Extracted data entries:

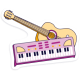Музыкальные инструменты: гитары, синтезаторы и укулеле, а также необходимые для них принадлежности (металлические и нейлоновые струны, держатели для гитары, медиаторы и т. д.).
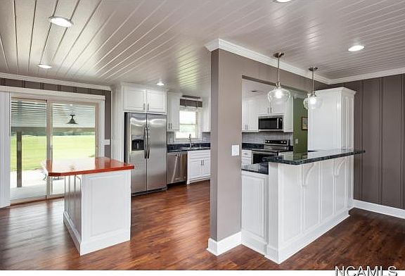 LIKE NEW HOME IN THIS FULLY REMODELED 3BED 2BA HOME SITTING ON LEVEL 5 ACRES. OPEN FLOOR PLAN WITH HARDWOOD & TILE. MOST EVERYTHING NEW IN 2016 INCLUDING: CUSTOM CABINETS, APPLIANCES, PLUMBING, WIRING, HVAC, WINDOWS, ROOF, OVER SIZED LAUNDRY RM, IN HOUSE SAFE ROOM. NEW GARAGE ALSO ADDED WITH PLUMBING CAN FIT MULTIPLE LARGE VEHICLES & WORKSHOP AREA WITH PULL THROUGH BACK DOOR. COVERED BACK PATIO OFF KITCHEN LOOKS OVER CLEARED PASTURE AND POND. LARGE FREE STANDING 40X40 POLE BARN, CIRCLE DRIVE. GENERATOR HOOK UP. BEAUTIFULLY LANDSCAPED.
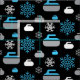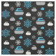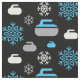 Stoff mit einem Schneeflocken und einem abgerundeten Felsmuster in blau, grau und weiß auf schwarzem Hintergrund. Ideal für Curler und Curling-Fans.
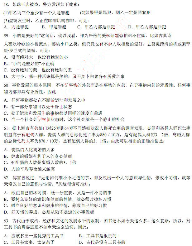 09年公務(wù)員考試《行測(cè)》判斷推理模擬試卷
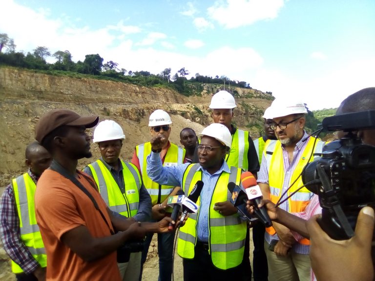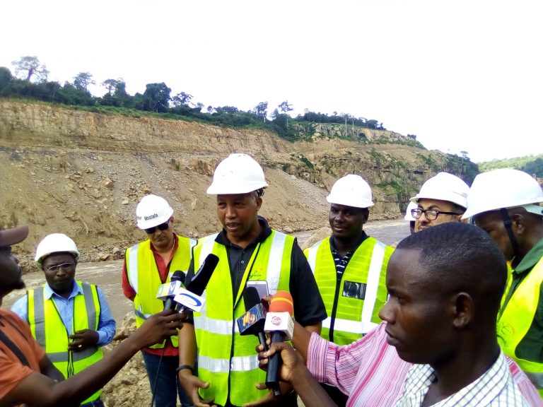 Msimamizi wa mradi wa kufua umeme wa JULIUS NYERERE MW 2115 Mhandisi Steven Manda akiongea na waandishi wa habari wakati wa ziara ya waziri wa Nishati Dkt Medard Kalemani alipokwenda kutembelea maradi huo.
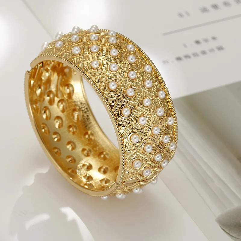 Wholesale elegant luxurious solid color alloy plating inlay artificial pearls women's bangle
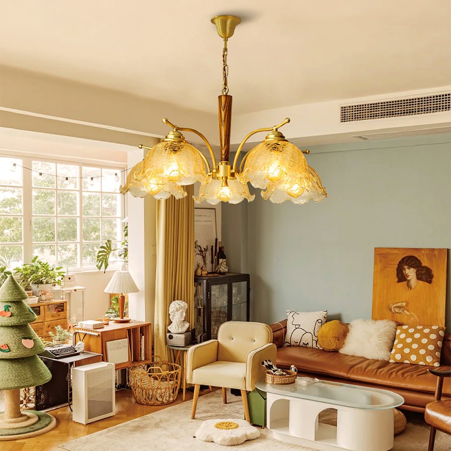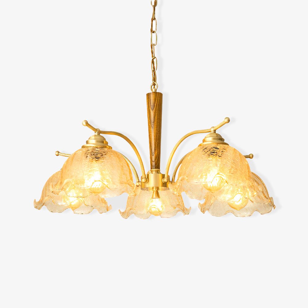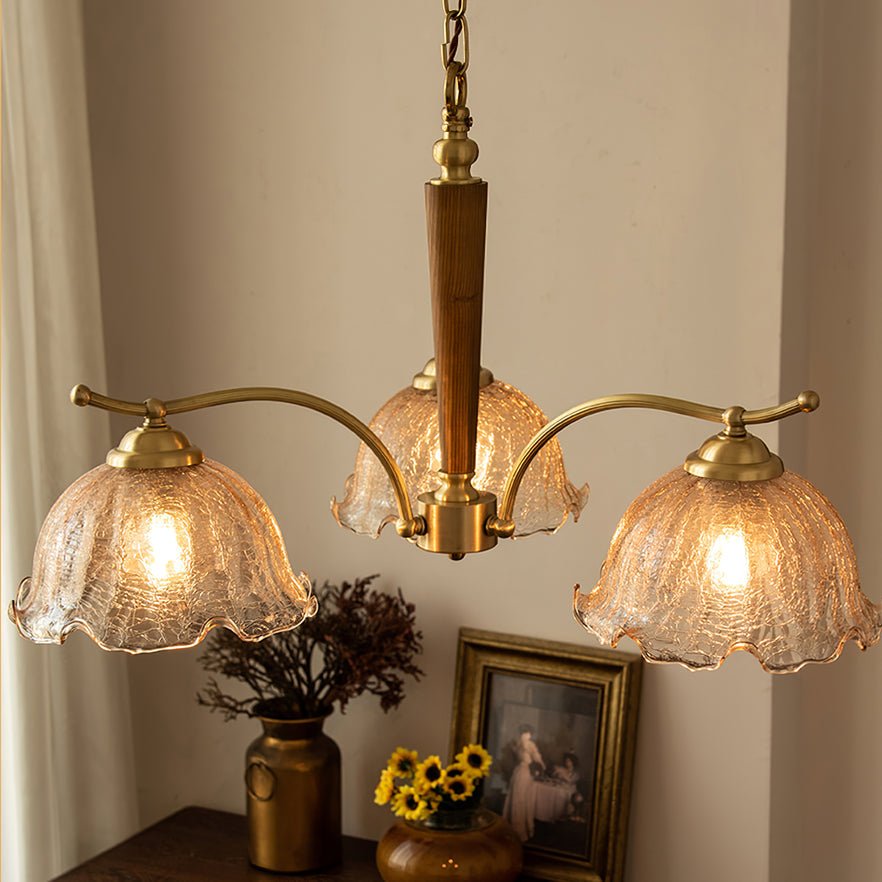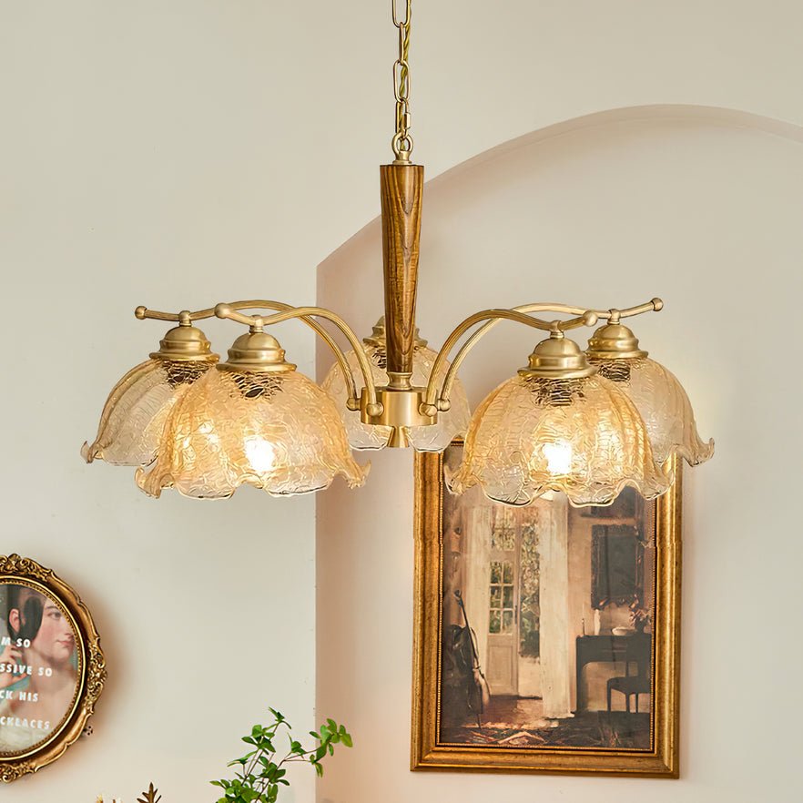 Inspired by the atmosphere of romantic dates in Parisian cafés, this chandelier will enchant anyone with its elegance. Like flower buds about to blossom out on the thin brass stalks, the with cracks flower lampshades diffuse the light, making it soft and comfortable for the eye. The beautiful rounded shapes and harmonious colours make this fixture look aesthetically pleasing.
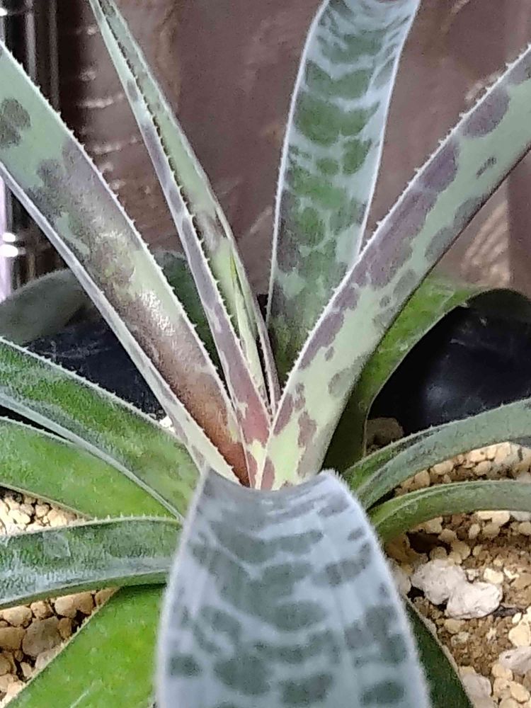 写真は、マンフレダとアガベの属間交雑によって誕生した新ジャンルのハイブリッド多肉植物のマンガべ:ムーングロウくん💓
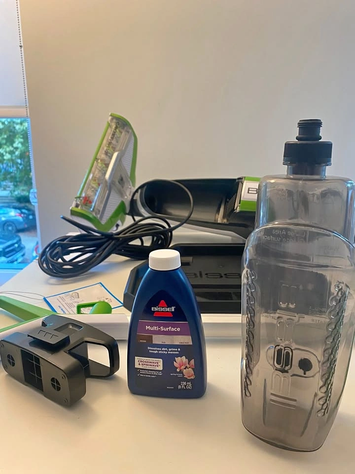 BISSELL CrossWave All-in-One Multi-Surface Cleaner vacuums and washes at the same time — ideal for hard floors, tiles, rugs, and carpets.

What the task asks
Copy only this, please: the line with "写真は、マンフレダとアガベの" and every line after it through the end of the data, with no pictures.

Response area
 写真は、マンフレダとアガベの属間交雑によって誕生した新ジャンルのハイブリッド多肉植物のマンガべ:ムーングロウくん💓
 BISSELL CrossWave All-in-One Multi-Surface Cleaner vacuums and washes at the same time — ideal for hard floors, tiles, rugs, and carpets.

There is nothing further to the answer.